*** SOURCE MATERIAL

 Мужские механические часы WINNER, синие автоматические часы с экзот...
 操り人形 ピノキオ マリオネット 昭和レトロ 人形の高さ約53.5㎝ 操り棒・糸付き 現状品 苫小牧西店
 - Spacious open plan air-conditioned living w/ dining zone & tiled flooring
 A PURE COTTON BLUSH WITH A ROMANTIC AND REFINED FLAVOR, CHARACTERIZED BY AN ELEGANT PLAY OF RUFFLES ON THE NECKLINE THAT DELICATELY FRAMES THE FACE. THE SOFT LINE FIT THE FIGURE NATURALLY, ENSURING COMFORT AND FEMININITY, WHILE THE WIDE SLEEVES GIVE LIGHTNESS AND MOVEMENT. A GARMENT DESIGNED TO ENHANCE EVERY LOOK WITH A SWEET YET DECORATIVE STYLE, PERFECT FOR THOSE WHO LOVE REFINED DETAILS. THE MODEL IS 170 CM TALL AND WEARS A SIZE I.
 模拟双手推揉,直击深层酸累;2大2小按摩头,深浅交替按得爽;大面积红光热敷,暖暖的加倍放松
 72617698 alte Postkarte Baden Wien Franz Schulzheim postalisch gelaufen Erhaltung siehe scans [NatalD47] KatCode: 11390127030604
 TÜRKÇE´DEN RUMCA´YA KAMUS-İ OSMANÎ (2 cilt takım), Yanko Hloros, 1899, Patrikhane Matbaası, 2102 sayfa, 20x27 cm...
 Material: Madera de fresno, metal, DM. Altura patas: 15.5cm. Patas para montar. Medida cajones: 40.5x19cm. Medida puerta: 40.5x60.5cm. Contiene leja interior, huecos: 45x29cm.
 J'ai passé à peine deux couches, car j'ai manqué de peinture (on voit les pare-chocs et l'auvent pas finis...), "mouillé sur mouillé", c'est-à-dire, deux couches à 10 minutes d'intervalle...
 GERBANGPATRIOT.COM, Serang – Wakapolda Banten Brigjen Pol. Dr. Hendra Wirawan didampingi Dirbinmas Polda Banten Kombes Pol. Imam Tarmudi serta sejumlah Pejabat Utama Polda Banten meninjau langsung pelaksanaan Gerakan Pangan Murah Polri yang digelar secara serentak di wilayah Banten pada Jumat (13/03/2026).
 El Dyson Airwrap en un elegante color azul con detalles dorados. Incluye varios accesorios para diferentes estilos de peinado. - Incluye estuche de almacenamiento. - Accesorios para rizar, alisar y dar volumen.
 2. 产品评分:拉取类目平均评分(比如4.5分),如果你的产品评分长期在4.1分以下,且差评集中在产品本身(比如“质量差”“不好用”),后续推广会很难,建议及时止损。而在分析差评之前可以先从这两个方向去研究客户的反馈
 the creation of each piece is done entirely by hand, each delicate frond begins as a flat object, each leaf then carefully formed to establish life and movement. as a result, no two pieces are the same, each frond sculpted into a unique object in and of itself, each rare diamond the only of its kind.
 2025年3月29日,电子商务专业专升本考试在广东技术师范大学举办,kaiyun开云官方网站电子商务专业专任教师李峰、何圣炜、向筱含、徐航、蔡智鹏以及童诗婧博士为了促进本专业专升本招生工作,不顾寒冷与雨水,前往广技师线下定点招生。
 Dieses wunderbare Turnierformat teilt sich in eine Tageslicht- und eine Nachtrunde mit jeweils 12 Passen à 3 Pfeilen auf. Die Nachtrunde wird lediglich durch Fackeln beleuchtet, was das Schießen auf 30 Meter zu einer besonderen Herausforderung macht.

******

WHAT THE EXERCISE ASKS: Once you find the line with "72617698 alte Postkarte" in the entries above, output it and each line after it up to and including the line with "TÜRKÇE´DEN RUMCA´YA KAMUS-İ", and nothing else.

WRITTEN ANSWER:
 72617698 alte Postkarte Baden Wien Franz Schulzheim postalisch gelaufen Erhaltung siehe scans [NatalD47] KatCode: 11390127030604
 TÜRKÇE´DEN RUMCA´YA KAMUS-İ OSMANÎ (2 cilt takım), Yanko Hloros, 1899, Patrikhane Matbaası, 2102 sayfa, 20x27 cm...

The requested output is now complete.